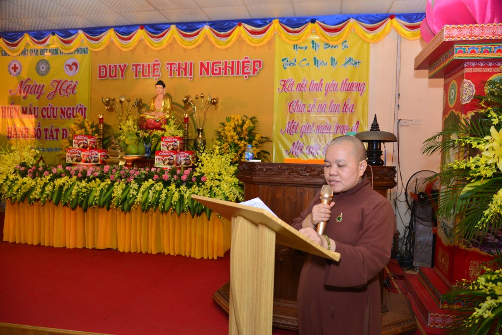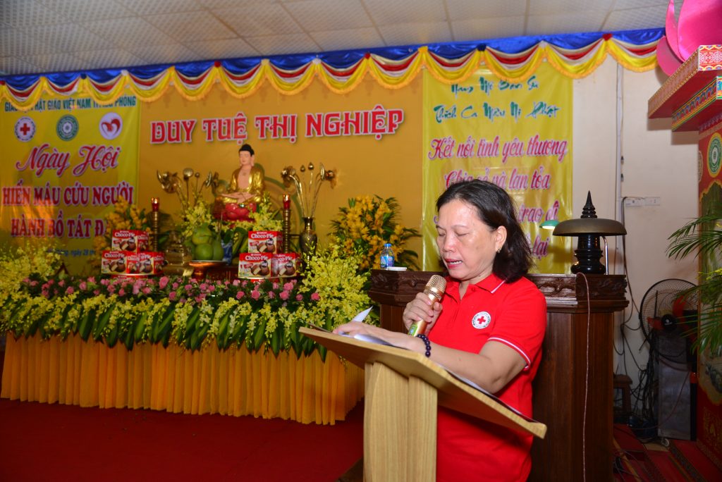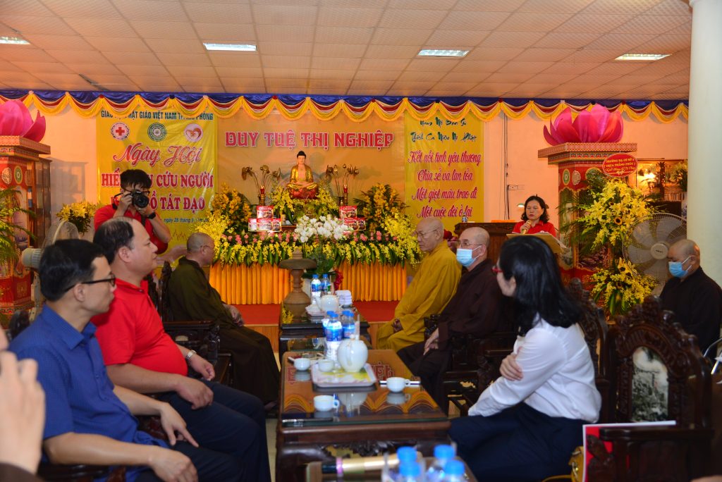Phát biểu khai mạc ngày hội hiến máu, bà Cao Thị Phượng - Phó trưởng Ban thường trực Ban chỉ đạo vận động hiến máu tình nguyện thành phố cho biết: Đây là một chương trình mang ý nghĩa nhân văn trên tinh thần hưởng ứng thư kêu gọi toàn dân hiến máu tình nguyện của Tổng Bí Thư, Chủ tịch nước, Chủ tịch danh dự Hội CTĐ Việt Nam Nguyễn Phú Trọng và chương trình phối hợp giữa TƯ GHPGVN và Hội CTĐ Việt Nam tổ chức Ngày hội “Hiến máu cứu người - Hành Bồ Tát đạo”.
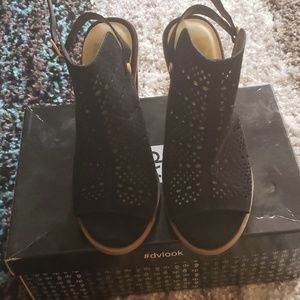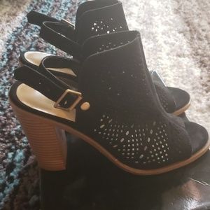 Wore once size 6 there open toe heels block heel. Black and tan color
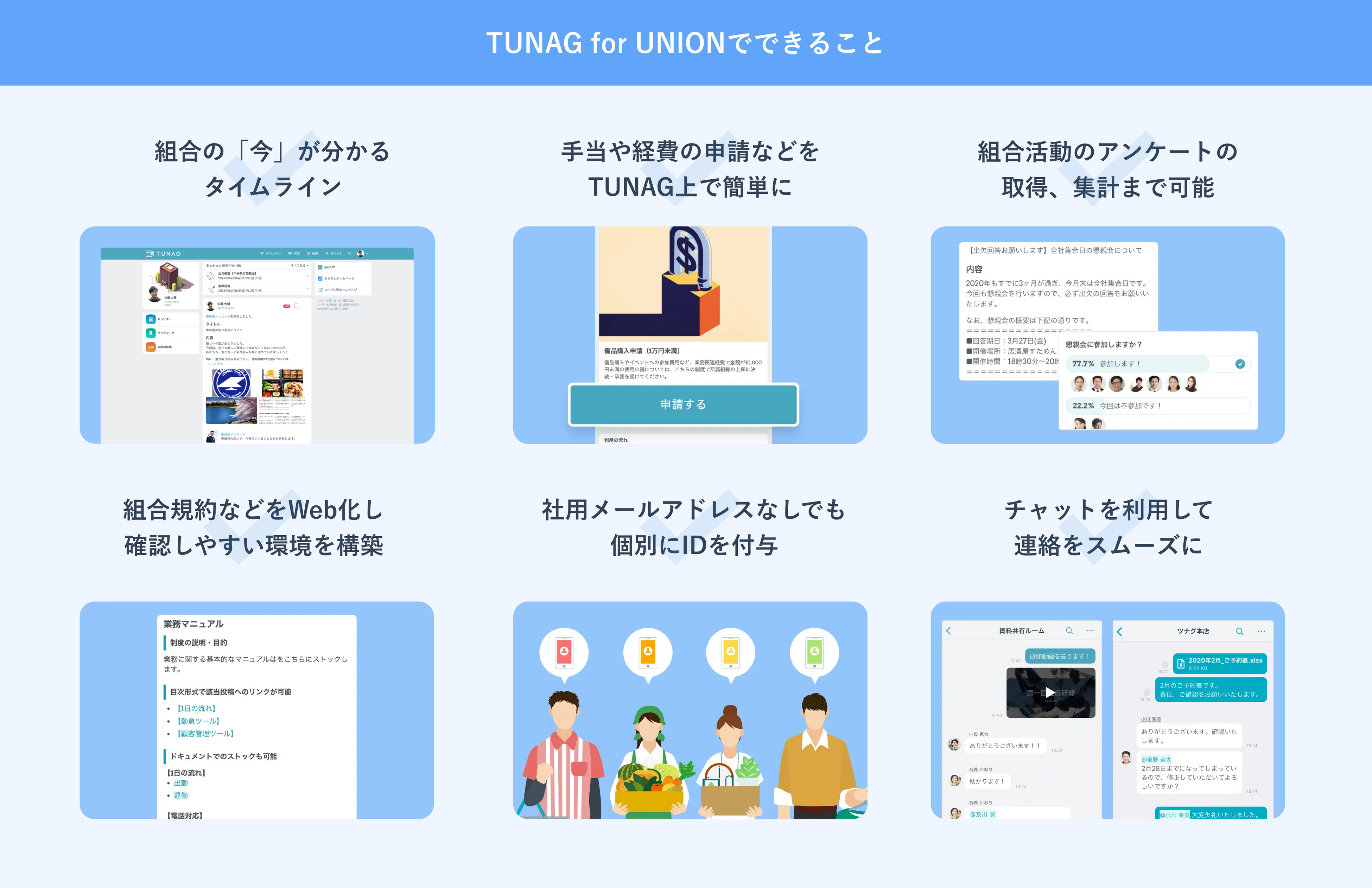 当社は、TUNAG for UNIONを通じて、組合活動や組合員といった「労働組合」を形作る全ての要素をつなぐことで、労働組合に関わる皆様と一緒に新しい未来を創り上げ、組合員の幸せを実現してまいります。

• Assignment:
With every picture left out, print exactly the lines from the one containing "Wore once size" through the final line of the material above.

• Answer box:
 Wore once size 6 there open toe heels block heel. Black and tan color
 当社は、TUNAG for UNIONを通じて、組合活動や組合員といった「労働組合」を形作る全ての要素をつなぐことで、労働組合に関わる皆様と一緒に新しい未来を創り上げ、組合員の幸せを実現してまいります。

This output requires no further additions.